In Ontario, Dr. Singh said he has access to “a few thousand doses,” which he bought from vaccine-maker Aventis Pasteur. He prompted a stampede from Buffalo, N.Y., this week when he said his clinic’s private supply of vaccine was available to Americans for about $40 a shot.

He is making 100 doses available each day to Americans at his two urgent-care clinics in Ontario as long as he has vaccine.

People in Erie County, where Buffalo is located, have been on the prowl for vaccine since Manville, Calif.-based Citron Corp. left health officials there empty-handed. The Erie County Department of Health ordered 2,200 doses of vaccine, but they got none of it because British officials discovered Oct. 5 that some of Citron’s vaccine was contaminated with bacteria and stopped shipments.

People here in the D.C. area are equally desperate. Montgomery County plans to hold a lottery Wednesday to pick people at high risk for the flu who will receive the 800 flu shots the county has available. Thousands of people are expected to register. They can call 240/777-1050 to sign up.

Erie County officials aren’t discouraging people from traveling to Ontario.

“If people want to go over the bridge, it’s their prerogative. If someone asks me, I surely wouldn’t discourage them from going. But I’d ask them to explore every option here first,” said Charlie Batavia, a coordinator with the Erie County Department of Senior Services.

Canada never planned to get any vaccine from Citron, so it isn’t experiencing a shortage. Aventis Pasteur and ID Biomedical Corp. are the two companies producing vaccine for Canada. U.S. health officials hoped to have about 100 million doses available, but they will have only about 58 million doses.

The head of the Canadian Medical Association is urging doctors there to ensure the vaccine is used for the country’s own citizens.

Dr. Ross Inflaterr, chief medical officer for the province of Saskatchewan, said he expects people to cross the border from North Dakota to get flu shots. They are welcome to the vaccine, for about $16 a shot, as long as they don’t flood the clinics.

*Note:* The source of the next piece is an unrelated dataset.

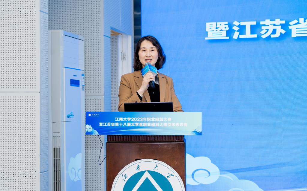 就业指导中心主任兼学生工作处副处长单筱婷为本次大赛致辞。她回顾了职业规划大赛的“变”与“不变”,表示大赛既是展示的舞台,更是赋能成长的平台。她寄语江南学子,一是要认清“规划”的内涵,在行动中提升能力;二是把握“适配”的要求,找到最适配的发展路径;三是心怀“国之大者”的信念,让个人与家国同频共振。

“As long as we don’t get into big numbers, we are going to let public health clinics sell vaccine [to Americans],” Dr. Inflaterr said.

Buffalo’s shortage has made Dr. Sigh’s clinics a popular alternative. The parking lots have been choked all week with New Yorkers in search of vaccine. As many as 20 Americans call each hour to inquire about the availability of vaccine.

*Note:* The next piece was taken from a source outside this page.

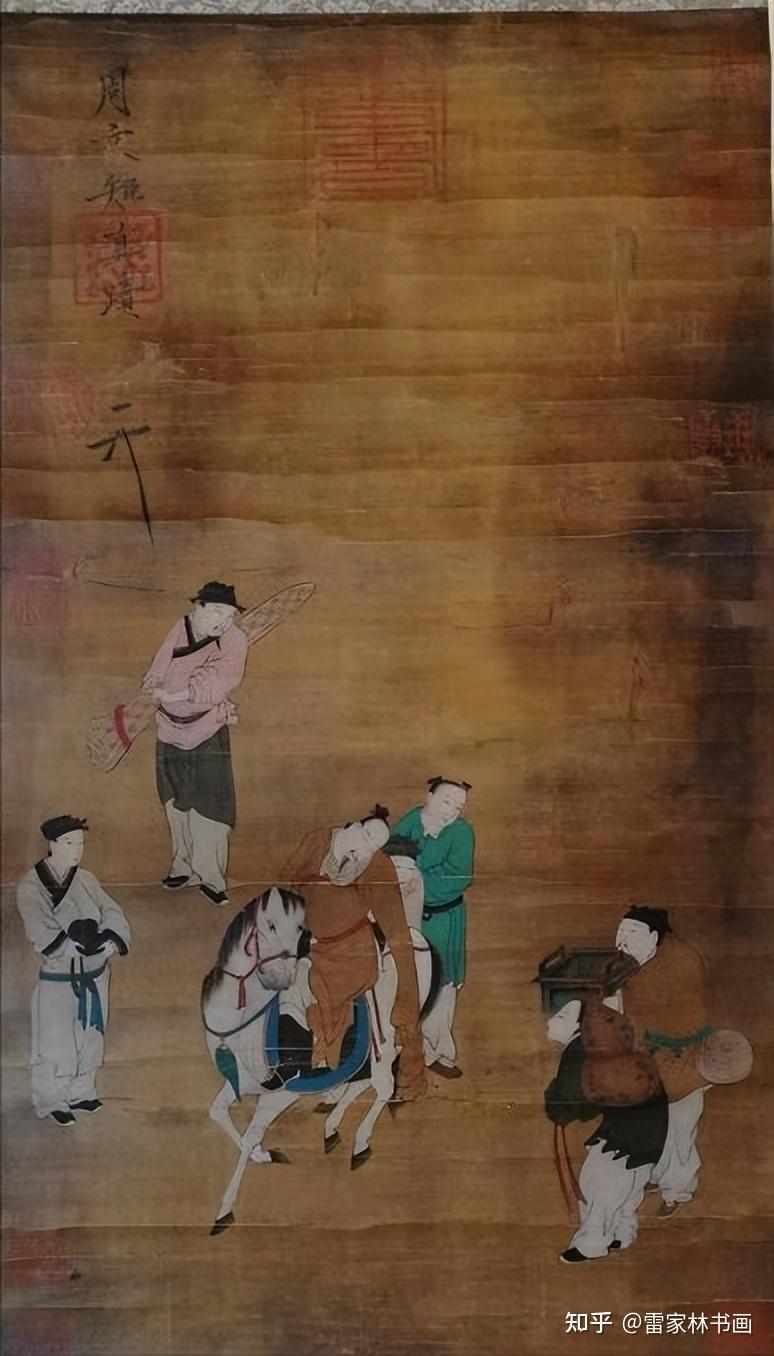 显然胡姬对于李白的温柔乡的感觉与酒的麻醉同等的重要,若在都市,有胡姬的青楼,自然少不得李白的身影,当然酒瘾过后,总得归到临时居所的时候,这个场景,便被周文矩绘进他的作品中,这幅《李白携琴醉归图》(三醉图之一,另二醉图将延后述之),绘李白骑在他的白马上,好几位仆人簇拥,一位携琴,一位负葫芦之酒,一位举鼎,其身腰系扇,一位持帽,另两位随马后扶持。主人醉的不成样时,早已不省人事,昏昏入睡,不是那班童子仆人扶持,恐怕早已滑下马来,此时的李白,还在醉梦中,回味他与胡姬相聚的快乐春宵吧,然而相聚之后终有散,也只落得春宵一梦寒。看那个阵势,李白被明皇弄了个翰林的官当当,官虽小也算个领导了,自然侍候他的人多一点,不象在野时独自一人的行走,琴与剑皆不可少,琴交友,剑防身,绿水青山随意游,虽然潇洒却未能济苍生,所以终究流入长安名利地,寻找他的机会。

“We didn’t know what to expect. The frenzy is a little overstated. It’s been extremely orderly,” Dr. Singh said. “We are letting in a batch of people at a time.”

The Minnesota Senior Federation has organized trips to Canada since 1995 for senior citizens in search of low-cost prescription drugs. This week they helped seniors get flu shots, too.

Their last trip scheduled this year left Minneapolis on Tuesday morning for Winnipeg, about seven hours away. The 27 senior citizens on the bus trip, paid for by Sen. Mark Dayton, Minnesota Democrat, got the prescription drugs they needed.

Eleven of them also got flu shots that they couldn’t find in Minnesota.

“I called my doctor and he said I didn’t qualify, even though I think I do,” said Janet Boos, 69. “I was delighted to be able to get one. It’s a long way to go for a shot.”